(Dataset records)
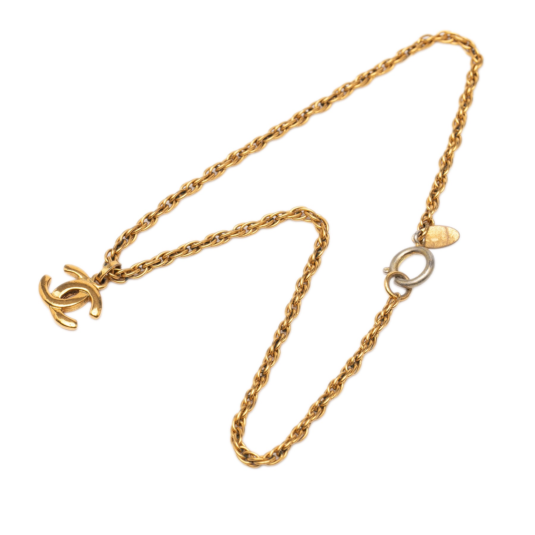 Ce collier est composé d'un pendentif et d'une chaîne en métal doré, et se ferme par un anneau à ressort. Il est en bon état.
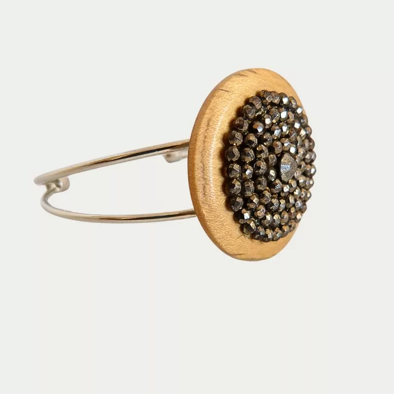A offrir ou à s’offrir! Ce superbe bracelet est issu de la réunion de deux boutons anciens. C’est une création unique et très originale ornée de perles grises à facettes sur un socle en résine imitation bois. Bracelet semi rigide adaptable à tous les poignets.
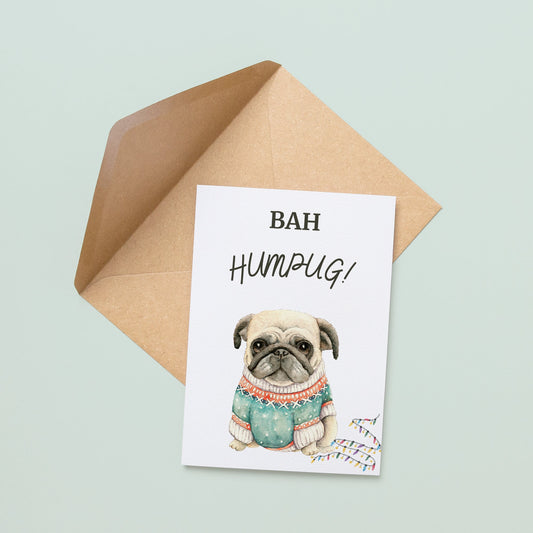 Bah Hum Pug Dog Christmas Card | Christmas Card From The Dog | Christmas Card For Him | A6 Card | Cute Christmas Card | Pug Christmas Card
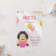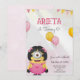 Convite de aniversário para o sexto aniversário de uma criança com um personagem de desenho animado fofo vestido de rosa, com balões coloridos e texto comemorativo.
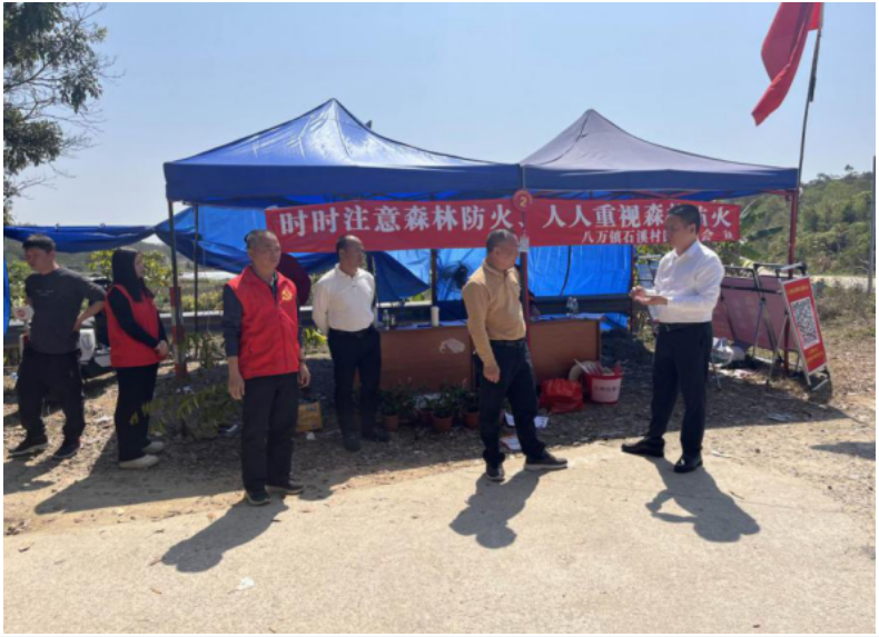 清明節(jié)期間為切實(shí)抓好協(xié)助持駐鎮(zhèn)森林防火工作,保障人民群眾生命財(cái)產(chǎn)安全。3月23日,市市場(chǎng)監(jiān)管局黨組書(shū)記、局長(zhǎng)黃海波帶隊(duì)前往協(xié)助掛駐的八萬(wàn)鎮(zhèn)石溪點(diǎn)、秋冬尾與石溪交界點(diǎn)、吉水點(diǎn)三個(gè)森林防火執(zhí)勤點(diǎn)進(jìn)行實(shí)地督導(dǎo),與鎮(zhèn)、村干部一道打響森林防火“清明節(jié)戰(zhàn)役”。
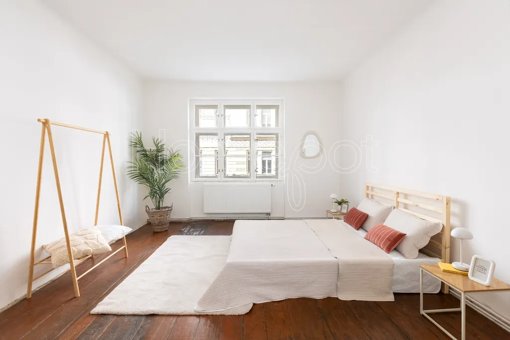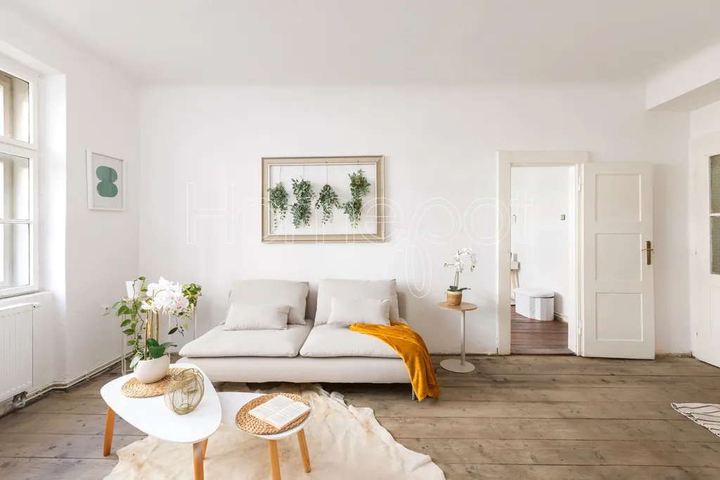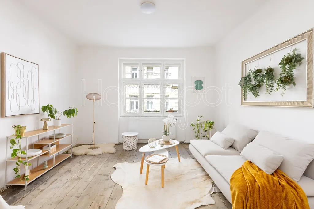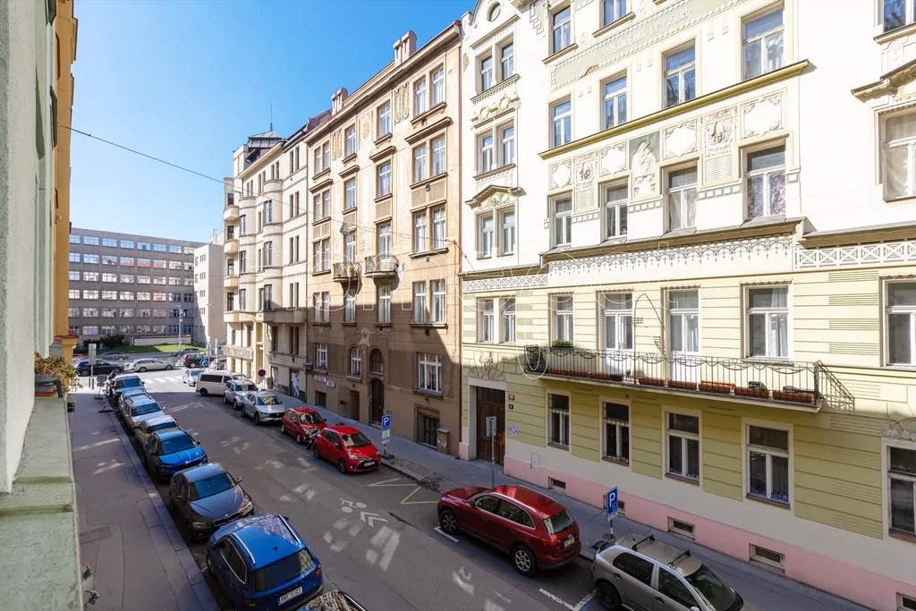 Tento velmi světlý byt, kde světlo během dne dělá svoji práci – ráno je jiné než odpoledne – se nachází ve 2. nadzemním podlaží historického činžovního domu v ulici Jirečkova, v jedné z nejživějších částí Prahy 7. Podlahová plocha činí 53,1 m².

### Task details
Omit the pictures and reproduce the records above exactly.

### Exercise answer
 Ce collier est composé d'un pendentif et d'une chaîne en métal doré, et se ferme par un anneau à ressort. Il est en bon état.
A offrir ou à s’offrir! Ce superbe bracelet est issu de la réunion de deux boutons anciens. C’est une création unique et très originale ornée de perles grises à facettes sur un socle en résine imitation bois. Bracelet semi rigide adaptable à tous les poignets.
 Bah Hum Pug Dog Christmas Card | Christmas Card From The Dog | Christmas Card For Him | A6 Card | Cute Christmas Card | Pug Christmas Card
 Convite de aniversário para o sexto aniversário de uma criança com um personagem de desenho animado fofo vestido de rosa, com balões coloridos e texto comemorativo.
 清明節(jié)期間為切實(shí)抓好協(xié)助持駐鎮(zhèn)森林防火工作,保障人民群眾生命財(cái)產(chǎn)安全。3月23日,市市場(chǎng)監(jiān)管局黨組書(shū)記、局長(zhǎng)黃海波帶隊(duì)前往協(xié)助掛駐的八萬(wàn)鎮(zhèn)石溪點(diǎn)、秋冬尾與石溪交界點(diǎn)、吉水點(diǎn)三個(gè)森林防火執(zhí)勤點(diǎn)進(jìn)行實(shí)地督導(dǎo),與鎮(zhèn)、村干部一道打響森林防火“清明節(jié)戰(zhàn)役”。
 Tento velmi světlý byt, kde světlo během dne dělá svoji práci – ráno je jiné než odpoledne – se nachází ve 2. nadzemním podlaží historického činžovního domu v ulici Jirečkova, v jedné z nejživějších částí Prahy 7. Podlahová plocha činí 53,1 m².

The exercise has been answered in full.